= Surface-extended X-ray absorption fine structure =

Surface Sensitive equivalent

Surface-extended X-ray absorption fine structure (SEXAFS) is the surface-sensitive equivalent of the EXAFS technique. This technique involves the illumination of the sample by high-intensity X-ray beams from a synchrotron and monitoring their photoabsorption by detecting in the intensity of Auger electrons as a function of the incident photon energy. Surface sensitivity is achieved by the interpretation of data depending on the intensity of the Auger electrons (which have an escape depth of ~1–2 nm) instead of looking at the relative absorption of the X-rays as in the parent method, EXAFS.

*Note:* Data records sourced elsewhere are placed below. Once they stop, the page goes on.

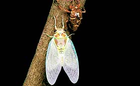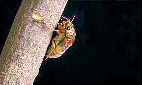 アブラゼミは、卵からふ化して、6年間を土の中ですごします。土の中では木の汁などをすって成長し、7年後、地上に出てきて、木に登り、成虫へと羽化します。毎年、夏になると、夜間、地上を歩く幼虫を見つけることができます。羽化を観察するには、この幼虫をそっと持ち帰り、木に止まらせます。しばらくは、自分が気に入る場所を探して、木を登ったり降りたりしてますが、そのうちじっと動かなくなります。すると羽化の始まりです。幼虫の背中が割れ、白い成虫が現れます。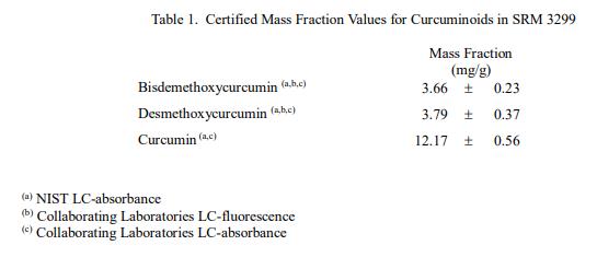 表 1 和表 2 提供了 SRM 3299 中姜黃素和元素的認(rèn)證質(zhì)量分?jǐn)?shù)值,以干質(zhì)量為基礎(chǔ)報(bào)告。NIST 認(rèn)證值是 NIST 對其準(zhǔn)確度有最高置信度的值因?yàn)樗幸阎蚩梢傻钠妬碓炊家驯徽{(diào)查或采取考慮[1]。價(jià)值分配分析由 NIST 和合作實(shí)驗(yàn)室進(jìn)行。認(rèn)證值計(jì)算為 NIST 方法平均值的未加權(quán)平均值和合作實(shí)驗(yàn)室平均值的加權(quán)中值(在適當(dāng)?shù)那闆r下)。相關(guān)的不確定性以大約 95% 的置信水平表示 [2-4]。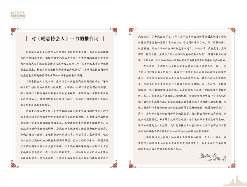 在《勵(lì)志協(xié)會(huì)人》40年40家40人的編著過(guò)程中,得到社會(huì)各界的關(guān)注、支持和高度肯定, 著名的經(jīng)濟(jì)學(xué)家吳敬璉說(shuō)《勵(lì)志協(xié)會(huì)人》研討了深圳行業(yè)協(xié)會(huì)商會(huì)的發(fā)展?fàn)顩r和發(fā)展經(jīng)驗(yàn)。深圳微訪談在行業(yè)協(xié)會(huì)商會(huì)發(fā)展經(jīng)驗(yàn)的研究上開(kāi)了一個(gè)好頭,希望有志于推進(jìn)行業(yè)協(xié)會(huì)商會(huì)發(fā)展的朋友們共同努力,為全面深化改革新時(shí)期行業(yè)協(xié)會(huì)商會(huì)的健康發(fā)展添力加油。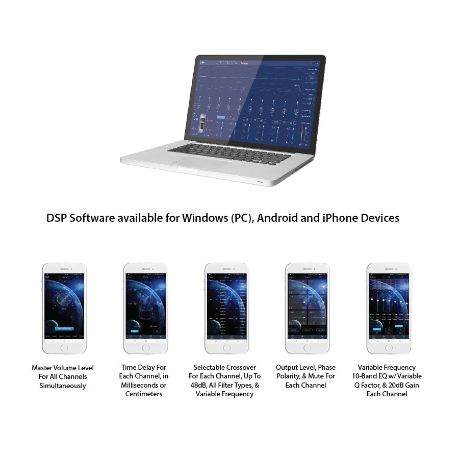 For those who want the most out of their car audio system, quality sound processing is necessary. Razor DSP amplifiers offer similar sound processing options by including the functions of a Digital Sound Processor. Adjusting the DSP is easy, using an intuitive user interface. After some slight adjustments, your system can sound like audio professionals have tuned it. Connection to the DSP module is possible via USB connection to personal computers or Bluetooth to an available Android & iOS device App. Unlock the best from any system with Razor DSP amplifiers.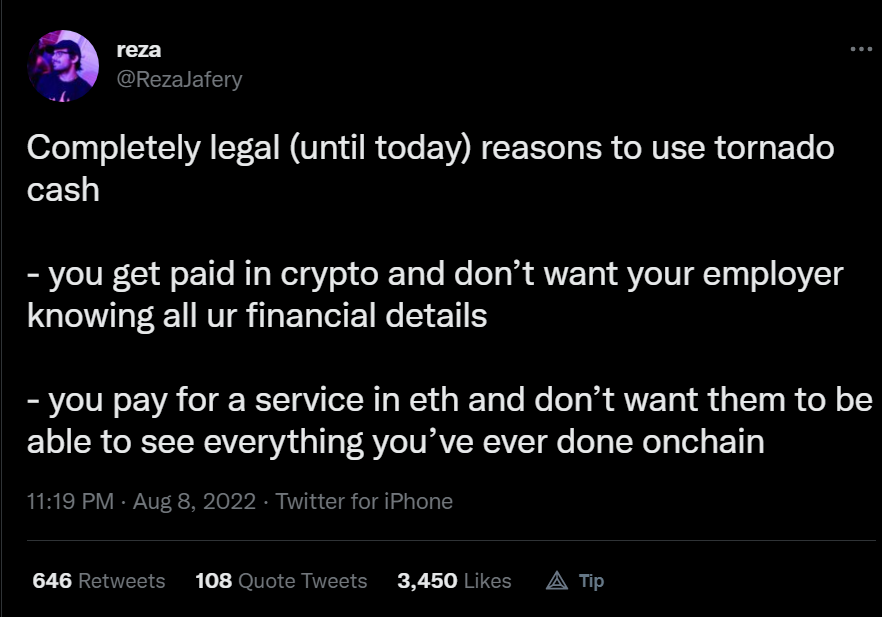 إذا كان هذا السيناريو الإفتراضي يبدو مألوفاً ، فهو يستند إلى تغريدة من مؤسس شركة الإيثريوم فيتاليك بوتيرين ، تم نشرها بعد أن عاقبت وزارة الخزانة Tornado Cash .

The photon energies are tuned through the characteristic energy for the onset of core level excitation for surface atoms. The core holes thus created can then be filled by nonradiative decay of a higher-lying electron and communication of energy to yet another electron, which can then escape from the surface (Auger emission). The photoabsorption can therefore be monitored by direct detection of these Auger electrons to the total photoelectron yield. The absorption coefficient versus incident photon energy contains oscillations which are due to the interference of the backscattered Auger electrons with the outward propagating waves. The period of this oscillations depends on the type of the backscattering atom and its distance from the central atom. Thus, this technique enables the investigation of interatomic distances for adsorbates and their coordination chemistry.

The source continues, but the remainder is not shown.